Henüz havai fişek çekmedim (bu yıl sadece ilk DLSR'imi satın aldım), ancak muhtemelen havai fişek için de manuel modu kullanacağım. Spor fotoğrafçılığı yapmıyorum, ancak bu durum için manuel mod da yararlı olabilir.

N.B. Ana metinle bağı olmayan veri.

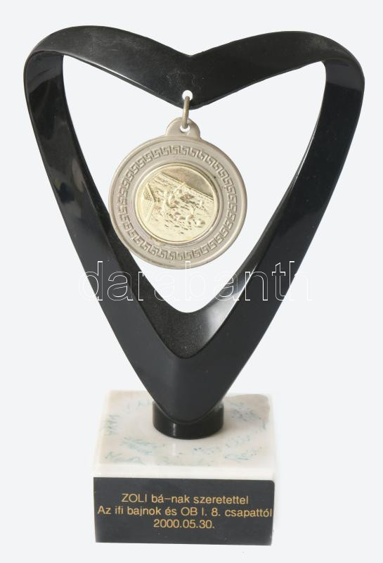 2000 Az Ifjúsági vÃzilabda bajnok csapat tagjainak a KSI csapat tagjai által aláÃrt dÃj. Dömötör Zoltán (1935-2019) olimpiai bajnok vÃzilabdázó, úszó, edzÅ‘ részére dedikálva Márvány alapon. Varga Dénes, Varga Dániel, Hosnáynszky Róbert, SzÃvós Márton, Gór Nagy Miklós, stb. 16 cm

Astrofotografiyi, gece dış mekan fotoğrafçılığını, Noel ışık fotoğrafçılığını ve havai fişek fotoğrafçılığını düşük ışıklı fotoğrafçılığa sınıflandırırdım. Ayrıca vahşi yaşam fotoğrafçılığını ve spor fotoğrafçılığını aksiyon fotoğrafçılığına kategorize ederim.

Yani, özet olarak:

  • Aksiyon fotoğrafçılığı için muhtemelen otomatik modda manuel mod kullanmak istersiniz
  • Düşük ışıkta fotoğraf çekmek için muhtemelen otomatik modu olan manuel modu kullanmak istersiniz
  • Flaşlı fotoğraf çekimi için, muhtemelen otomatik ISO kullanmadan manuel mod kullanmak ve zamanınızın olup olmadığına bağlı olarak, flaş için manuel veya TTL modu kullanmak isteyebilirsiniz.

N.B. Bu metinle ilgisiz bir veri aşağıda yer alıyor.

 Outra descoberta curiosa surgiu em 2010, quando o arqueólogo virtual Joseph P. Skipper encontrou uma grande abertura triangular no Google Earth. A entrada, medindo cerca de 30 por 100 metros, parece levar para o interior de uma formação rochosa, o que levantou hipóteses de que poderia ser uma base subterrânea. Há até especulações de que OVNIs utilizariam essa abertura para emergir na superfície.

Diğer durumlar için genellikle otomatik ISO değerinde diyafram önceliği kullanıyorum. Açıklık, alan derinliğini kontrol eden şeydir ve benim kontrolümde bu kritik parametreye sahip olmak istiyorum. Bazen, hareket bulanıklığı efekti ararken, enstantane önceliğini kullanırım ve kameranın açıklığı seçmesine ve otomatik ISO kullanmasına izin veririm.

Bu arada, iyi bir fotoğrafçı olmak istiyorsan, endişelendiğin tek parametre pozlama değil. Fotoğraf makinenizin odaklanma ve patlama ayarlarını kontrol etmelisiniz. Aksiyon fotoğrafçılığı için, büyük olasılıkla seri çekim modunda servo otofokus kullanmak, astrofotografi ve havai fişek fotoğrafçılığı için muhtemelen manuel odaklama kullanmak, diğer durumlarda da seri çekim modu olmadan tek çekimli otomatik odaklama kullanmak isteyebilirsiniz.

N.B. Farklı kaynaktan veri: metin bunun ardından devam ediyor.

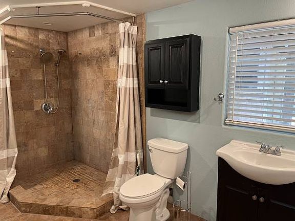 Ready to move in, clean and freshly painted. Cute little house with 2 areas for beds, huge custom stone shower inside, stove with oven, refrigerator, microwave, ceramic floor with a carpeted loft, air conditioned, ceiling fans and whole house fan to keep you cool. Fully fenced large back yard shaded by oak trees, and a garden area in front. Outdoor shower with hot and cold water, covered patios with elect and an Outdoor fireplace. Laundry onsite with 2 washers and 2 dryers, shared. Dog breed must be approved by the owners/ insurance. Utilities are extra. First month's rent of $2,100 and a security deposit of $2,100 due at time of signing month-to-month rental agreement. Renter to pay 25% of elect bill each month on the following 15th of the month. Bill ranges from $100.00 to $200.00 depending on the weather. Trash and water are included in monthly rent.

Öyleyse soruyu cevaplamak için: manuel modunu profesyonel olarak kullanmamalısınız. Otomatik modu da kullanmamalısınız. Arada bir şey kullanmalısın. Bunlar arasında çok fazla orta yol var (Otomatik ISO kullanıyor musunuz kullanıyor musunuz? Deklanşör veya diyafram önceliği kullanıyor musunuz? Flaş kullanıyorsanız, TTL kullanıyor musunuz?)

Sitemizi kullandığınızda şunları okuyup anladığınızı kabul etmiş olursunuz: Çerez Politikası ve Gizlilik Politikası.
Licensed under cc by-sa 3.0 with attribution required.